Your goal: Once you find the line with "Переверните ноутбук и" in the data below, transcribe exactly each line from there to the line with "أرى أن القول", inclusive, and nothing else. Drop the pictures.
[[ Provided information open ]]
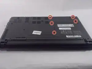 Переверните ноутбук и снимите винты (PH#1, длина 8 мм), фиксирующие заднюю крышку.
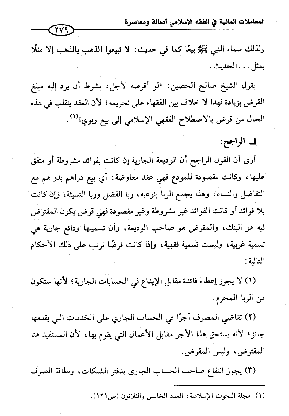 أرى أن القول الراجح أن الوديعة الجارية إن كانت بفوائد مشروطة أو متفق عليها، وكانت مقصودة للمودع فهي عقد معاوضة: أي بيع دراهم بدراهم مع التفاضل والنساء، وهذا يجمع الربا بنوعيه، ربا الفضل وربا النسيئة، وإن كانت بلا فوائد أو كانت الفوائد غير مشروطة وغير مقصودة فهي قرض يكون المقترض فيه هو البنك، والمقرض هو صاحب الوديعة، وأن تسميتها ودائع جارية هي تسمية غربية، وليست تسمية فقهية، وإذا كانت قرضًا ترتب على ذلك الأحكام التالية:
[[ Provided information closed ]]
[[ Provided information open ]]
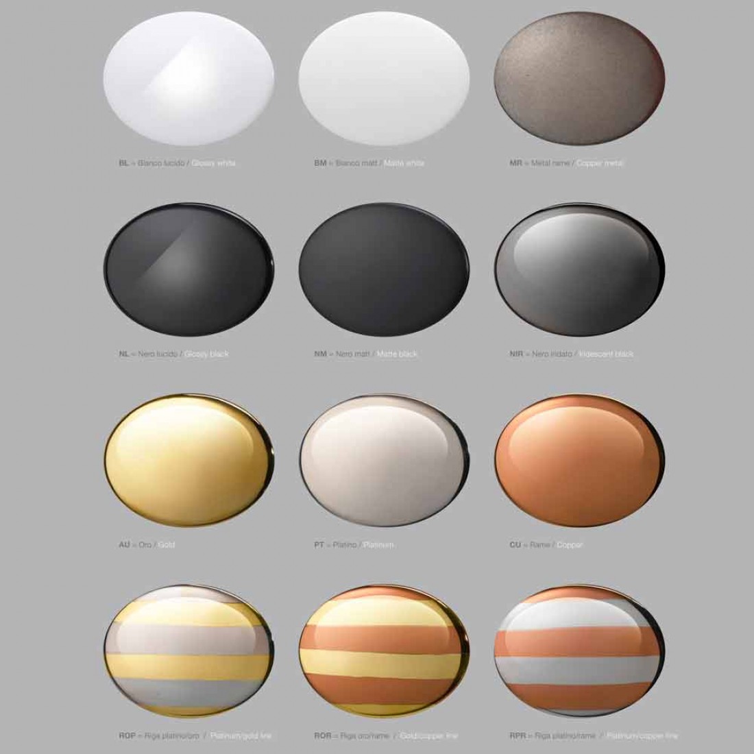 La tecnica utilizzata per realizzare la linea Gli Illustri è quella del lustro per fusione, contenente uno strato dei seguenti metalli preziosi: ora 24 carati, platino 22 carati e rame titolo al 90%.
[[ Provided information closed ]]
Reply to the task:
 Переверните ноутбук и снимите винты (PH#1, длина 8 мм), фиксирующие заднюю крышку.
 أرى أن القول الراجح أن الوديعة الجارية إن كانت بفوائد مشروطة أو متفق عليها، وكانت مقصودة للمودع فهي عقد معاوضة: أي بيع دراهم بدراهم مع التفاضل والنساء، وهذا يجمع الربا بنوعيه، ربا الفضل وربا النسيئة، وإن كانت بلا فوائد أو كانت الفوائد غير مشروطة وغير مقصودة فهي قرض يكون المقترض فيه هو البنك، والمقرض هو صاحب الوديعة، وأن تسميتها ودائع جارية هي تسمية غربية، وليست تسمية فقهية، وإذا كانت قرضًا ترتب على ذلك الأحكام التالية:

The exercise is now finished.